-1Now folds the lily all her sweetness up,
And slips into the bosom of the lake:
So fold thyself, my dearest, thou, and slip
Into my bosom and be lost in me.

Chapter 2

I remember the first time I saw her, during one of my few appearances in the great hall of Olympus. I later learned that it was the only visit she had ever made to the pantheon, no doubt because of that mother of hers. She was astonishingly beautiful. Her hair was a rich shade of auburn done up and tied close with a light blue ribbon that matched her gown. She had a high forehead that lead down to a lovely, curved nose, which separated her even, almond-shaped eyes. Her mouth was small but full, the color of garnets. She had a graceful jaw line, with delicate cheek bones and slightly hollowed cheeks, which lent her a look of intelligence rather than the air-headed simpering look of most of the mortal young ladies I had seen, though they were few. While they were alive, that is.

Her body was something to be celebrated; the line of her neck and throat draped down into elegant shoulders and a finely shaped collar bone, just visible above the modest neck line of her gown; her bust was well-formed and gave way to a small waist and slim hips. The gown she wore tied at the tops of her shoulders, showing lithe arms that looked capable of lifting more than just a serving pitcher of water without snapping. I studied her face and form from across the hall, and I do not think she noticed me. It was her debut as a young goddess, but she was not paying the least bit of attention to the stares and appraisals of others. She sat demurely enough, at least while her mother was looking. Other times she would try to charm butterflies into her hands, and they would come right to her; perch their colorful bodies onto her outstretched hand. After an especially large and beautiful butterfly had settled on her hand, she decided to let it go into the crowd of gods and goddesses. The creature flew in zigzags between the guests until it flew right up to my face, paused, and brushed its wings against my cheek as it continued by. I felt for one electrifying moment, as if it was her touch on my face instead of the butterfly. Flustered, I melted into my surroundings before my own bright butterfly would see the blush that had risen up under my skin. Had I really just thought that; had I really been affected, and even moved by a silly girl and her penchant for butterfly taming?
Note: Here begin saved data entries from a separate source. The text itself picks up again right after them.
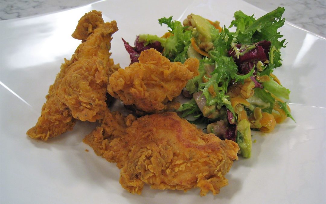 Echar en el cuenco un buen puñado de sal, pimienta, 3 dientes de ajo, 2 cucharadas de pimentón dulce, 1 cucharadita de pimentón picante, 1 cucharada de curry y 1 de orégano. Agregar 2 tazas de harina, la leche y batir bien hasta conseguir una mezcla homogénea y espesa. Cortar las pechugas de pollo en trozos generosos, introducirlos en la mezcla anterior, cubrir con plástico y guardar en el frigorífico durante unas 2 horas. Para la ensalada disponer en la base de un cuenco 5 cucharadas de virgen extra, 2 cucharadas de vinagre, 1 cucharada de mostaza y 1 de miel. Salpimentar y mezclar bien. Encima de la vinagreta añadiremos taquitos de queso, de jamón cocido, nueces peladas, 1 cebolleta cortada en juliana, 1 zanahoria, 1 aguacate troceados y la lechuga. No mezclaremos hasta el momento justo de servir. Por último, mezclar las 2 tazas de harina restante con 1 cucharada colmada de pimentón dulce. Escurrir el pollo de la marinada, pasarlo por la harina y freírlo en aceite de oliva virgen extra. Apartar sobre papel de cocina.
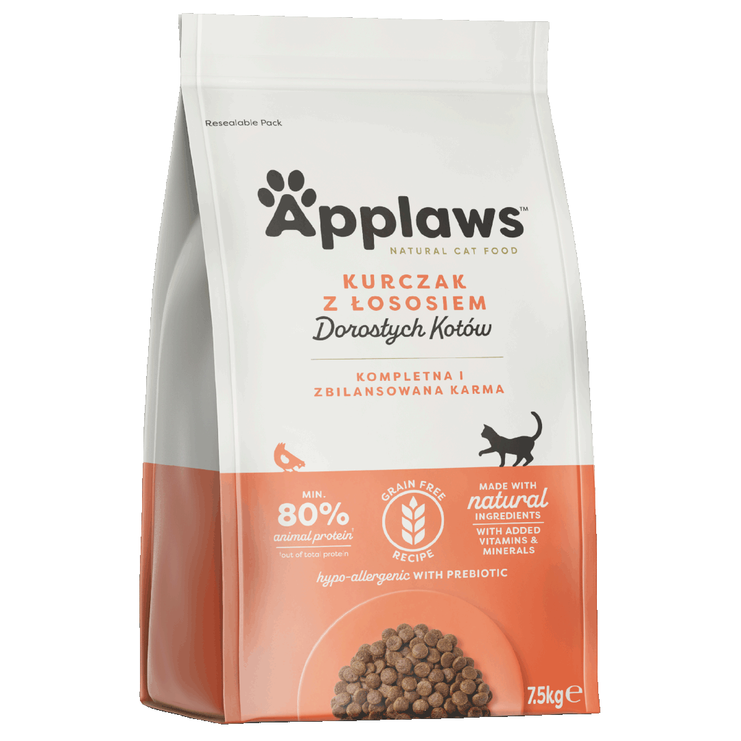 Applaws sucha karma bezzbożowa z kurczakiem i łososiem dla kota to wyjątkowe połączenie najwyższej jakości składników, stworzone z myślą o naturalnych potrzebach Twojego pupila.
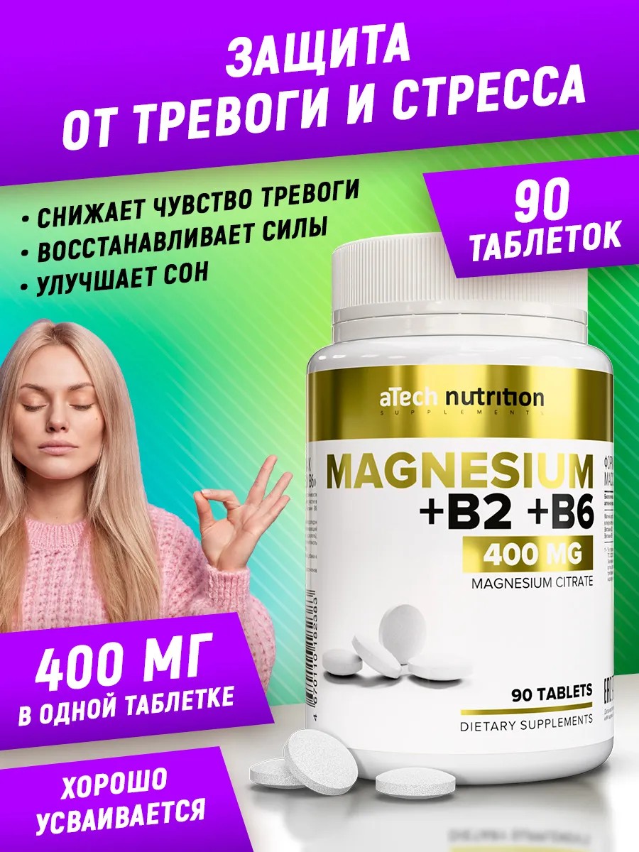aTech nutrition Магний цитрат + В2 В6 витамины успокоительное
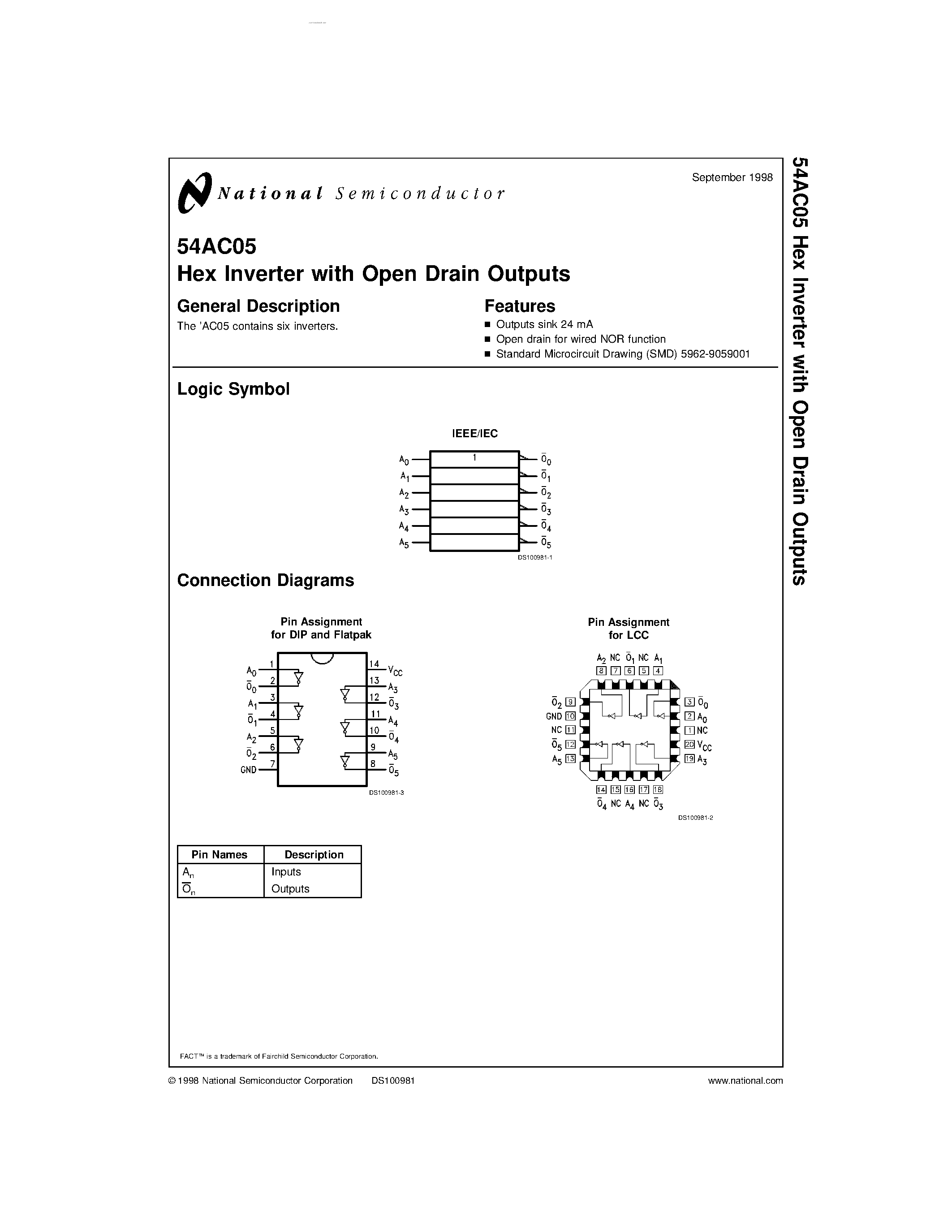 Даташиты (Datasheets 54AC05) электронных компонентов
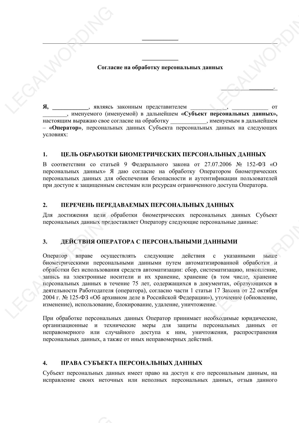 Шаблон согласия на обработку биометрических персональных данных предназначен для использования, когда юридическое или физическое лицо (Оператор) обрабатывает биометрические данные другого физического лица (Субъекта персональных данных) для обеспечения безопасности и аутентификации. Документ включает ключевые разделы:

I left her debut without ever introducing myself. But because I do not usually attend in the first place, it was considered a compliment that I even left my duties to make an appearance. I do not find the company of my brothers and sisters to be at all satisfactory, in fact it is on the contrary. Each one of them is more vain and superficial than the next (with the exception of only a few), their constant chatter and dithering was distasteful to me. I knew however, that my icy social skills had little to do with my early departure on this particular occasion. It was her. I was the God of the Underworld, fearsome to behold. A being whose name mortals would not dare utter, lest they incur my wrath. For centuries I guarded, and ultimately judged every soul that had enjoyed, or squandered a human life. I became angry, furious that this girl could affect me so. Had I not suffered and worked to become what I am? A warrior, unfeeling and strong with a life in which passion and sentiment only meant weakness. My duty was everything, and I knew that desire only clouded judgment. I stormed back to the underworld that night, incensed and infuriated because of this sudden flaw, this veneration for some girl I had never even spoken to. Upon entering the plane of asphodel, with all its soothing and familiar gray tones… I blew up the first shade I saw.
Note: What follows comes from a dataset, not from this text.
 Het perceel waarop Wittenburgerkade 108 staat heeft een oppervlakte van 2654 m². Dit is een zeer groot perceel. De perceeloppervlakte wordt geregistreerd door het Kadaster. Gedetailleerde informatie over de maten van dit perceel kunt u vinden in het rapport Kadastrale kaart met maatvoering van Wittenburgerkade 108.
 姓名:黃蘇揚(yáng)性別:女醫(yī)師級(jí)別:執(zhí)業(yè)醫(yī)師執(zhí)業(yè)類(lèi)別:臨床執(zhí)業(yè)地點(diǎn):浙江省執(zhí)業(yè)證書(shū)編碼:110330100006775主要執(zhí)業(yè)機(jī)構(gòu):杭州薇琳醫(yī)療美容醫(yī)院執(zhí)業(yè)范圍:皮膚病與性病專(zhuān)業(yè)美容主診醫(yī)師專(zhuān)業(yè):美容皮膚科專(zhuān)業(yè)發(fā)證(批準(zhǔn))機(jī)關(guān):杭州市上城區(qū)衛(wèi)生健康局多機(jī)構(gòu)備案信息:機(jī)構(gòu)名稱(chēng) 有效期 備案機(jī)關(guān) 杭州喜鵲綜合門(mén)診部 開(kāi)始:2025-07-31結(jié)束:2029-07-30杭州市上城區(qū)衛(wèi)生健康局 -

Over the next several days I endeavored to forget her. But something kept springing up in my memory: her eyes. They were by far her most entrancing and striking feature. So when I spent hours staring at her through an opening in the world near where she played, I told myself that it was because I was investigating what made her eyes so unusual. Each day I watched her, I felt as if I were getting closer to something or reaching a breaking point and every step she took on the soft grass above was a step that brought me closer to that point. Until one day it clicked, some tiny bit of a revelation made itself known to me. Her eyes were what made her so different; well, not just her eyes, but what they revealed of her inside. Then other subtle things came to my attention, and I wondered why I had not seen it earlier.
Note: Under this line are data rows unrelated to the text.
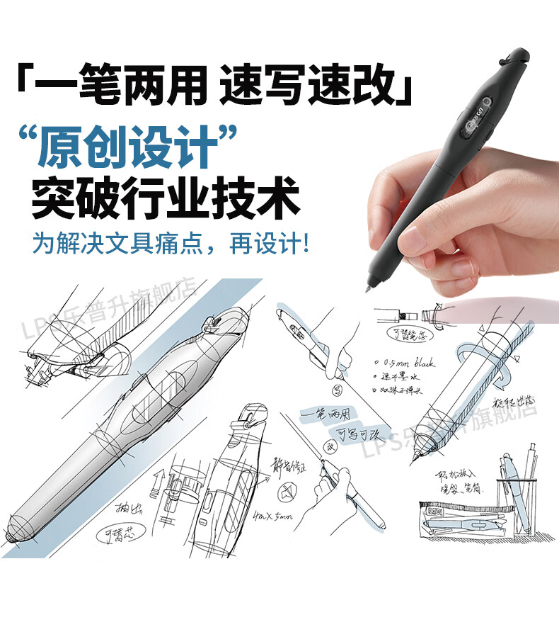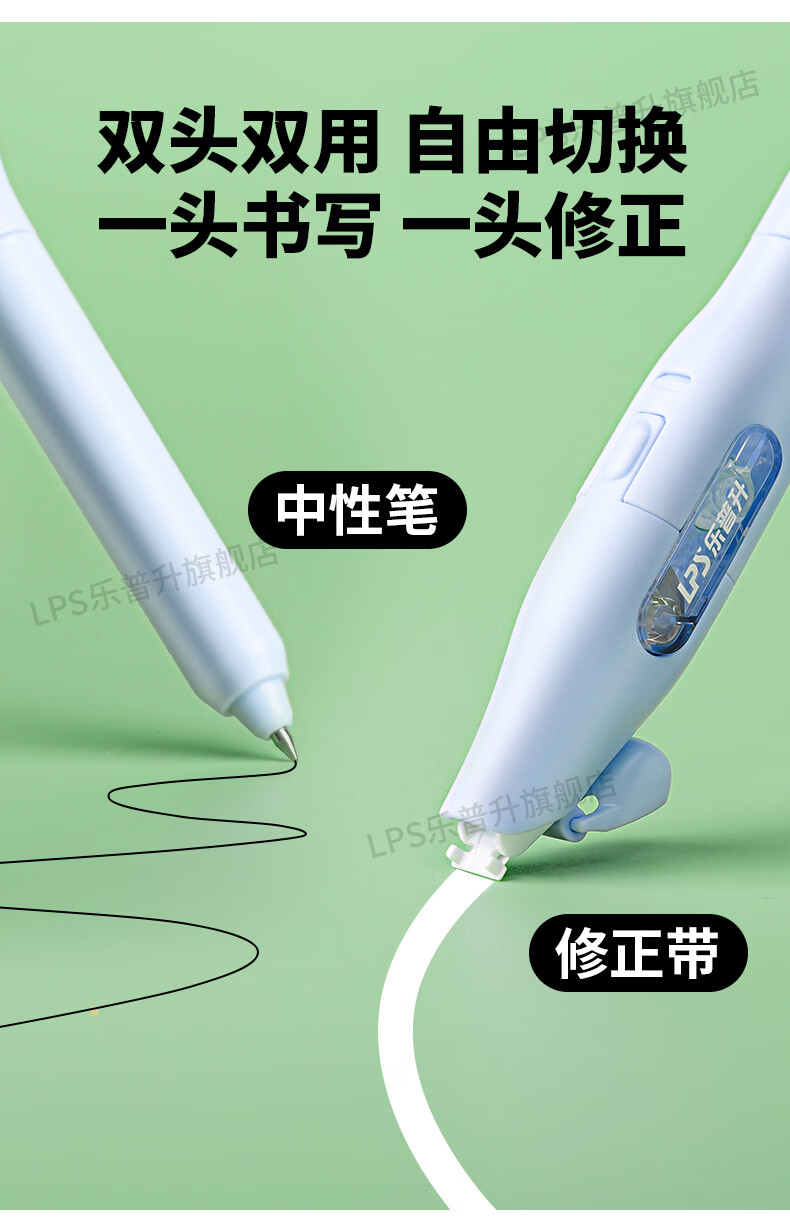 乐普升笔式修正带可替换芯小学生初中生专用黑科技改正带速改笔中性笔+修正带二合一书写笔改错带9689C蓝
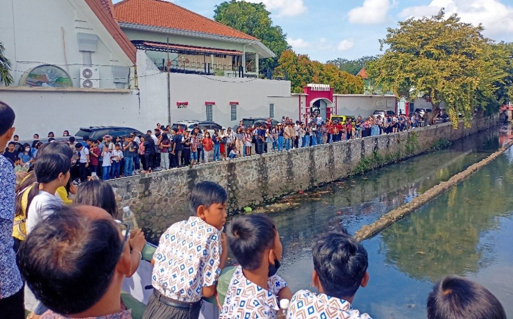 Usai misa, para siswa melakukan penuangan eco enzym di sungai depan gereja sebagai wujud konkret kepedulian terhadap lingkungan hidup. Sebelum penuangan, Romo Wito menyampaikan kata pembuka yang mengingatkan bahwa bumi adalah rumah bersama yang harus dijaga demi masa depan yang berkelanjutan.
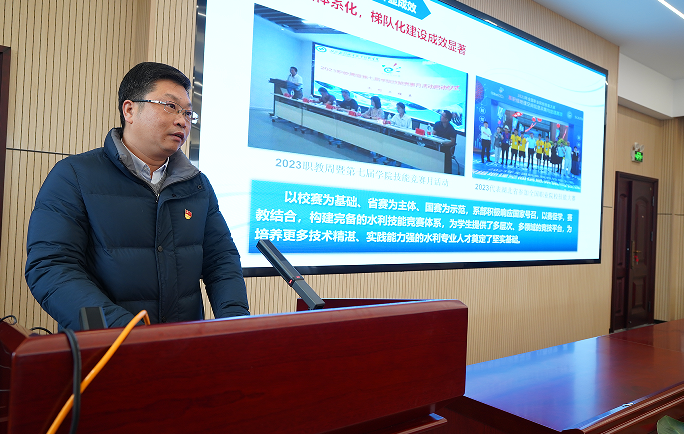 为迎接省水利厅党建工作考核,打造党建工作亮点,凝练党建工作品牌,1月22日,学院召开迎接省水利厅2023年度党建工作考核暨首届“水之蓝”新闻故事讲述会。省水利厅机关纪委书记李丽、学院在家班子成员出席会议,全体中层干部和各支部党员代表参加会议。会议由学院党委委员、党委办公室主任张博主持。
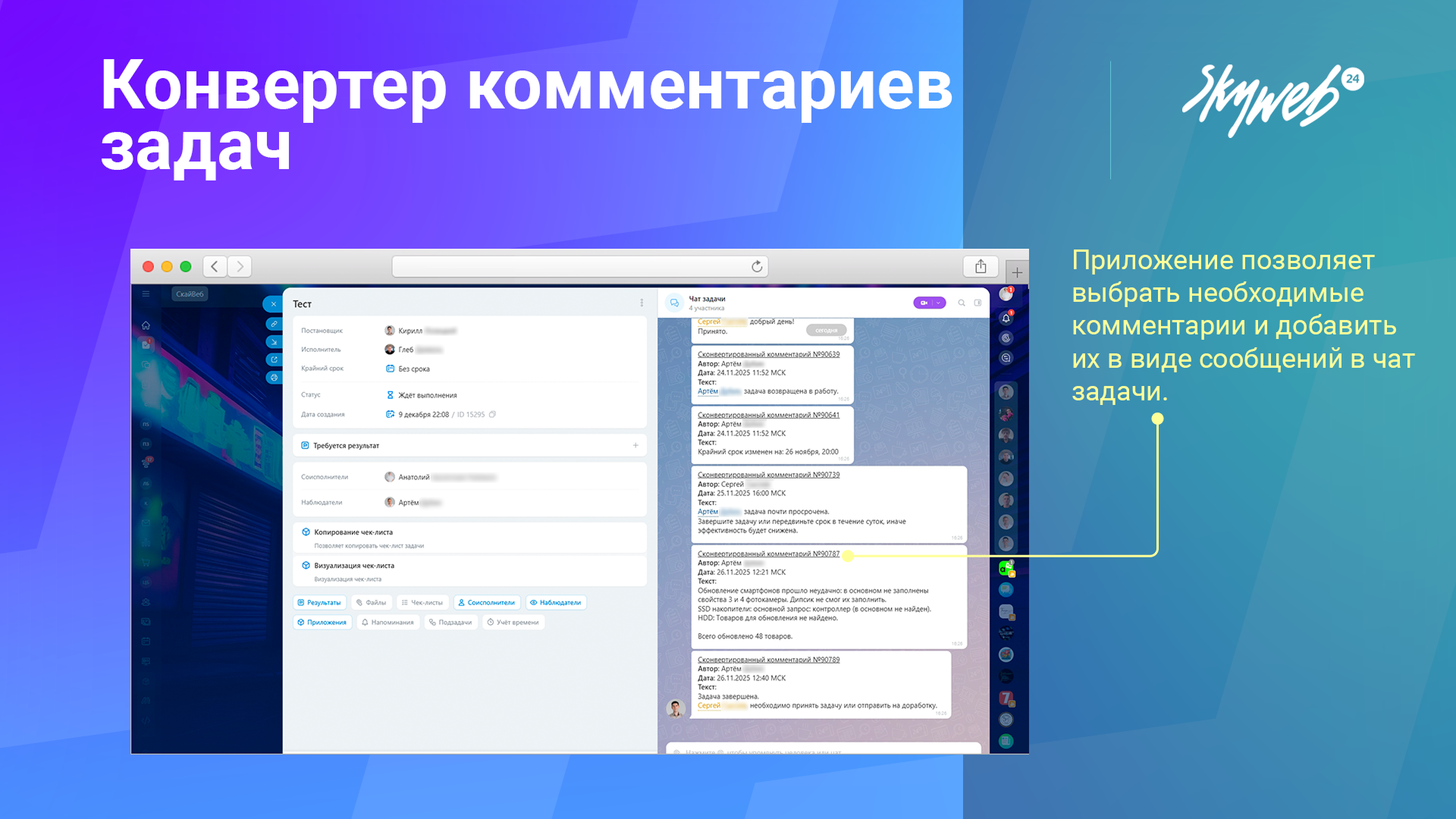 Конвертируйте нужные комментарии задач в сообщения чата

Her mother, Demeter, was the Goddess of the Harvest; she was the embodiment of the earth's bounty. Her hair was a light brown, long and unruly; her figure was rounded and full--ripe, in a sense, and her eyes were glassy blue like the bright afternoon sky. She was beautiful in her own right, but she was all daylight and mother-of-the-earth, not something I was interested in. Her daughter, I came to learn, was not all that she seemed at first. Her hair, was a darker, redder shade than her mother's, wavy but smooth and flowing; her figure was rounded, but not plump or full, it was slender and seductive, and her eyes were a luminescent, twinkling silver. She was a child of the daylight, but though her countenance and form held all the beauty and lightness of the day, her eyes reflected the night. She could have a place in the night. With me.

As that last thought crossed my mind, my jaw fell slack. And I realized that I needed her. I needed her in spite of my better judgment, in spite of my infuriation and misgivings. Already she was in my blood, and my lungs, and had been in my head since the first time I saw her. I longed to have her beneath my fingers; to touch her; to pick her apart and consume her in pieces until I was filled with nothing but her. I was hungry for her and, by my own river Styx, she would feel the same way about me.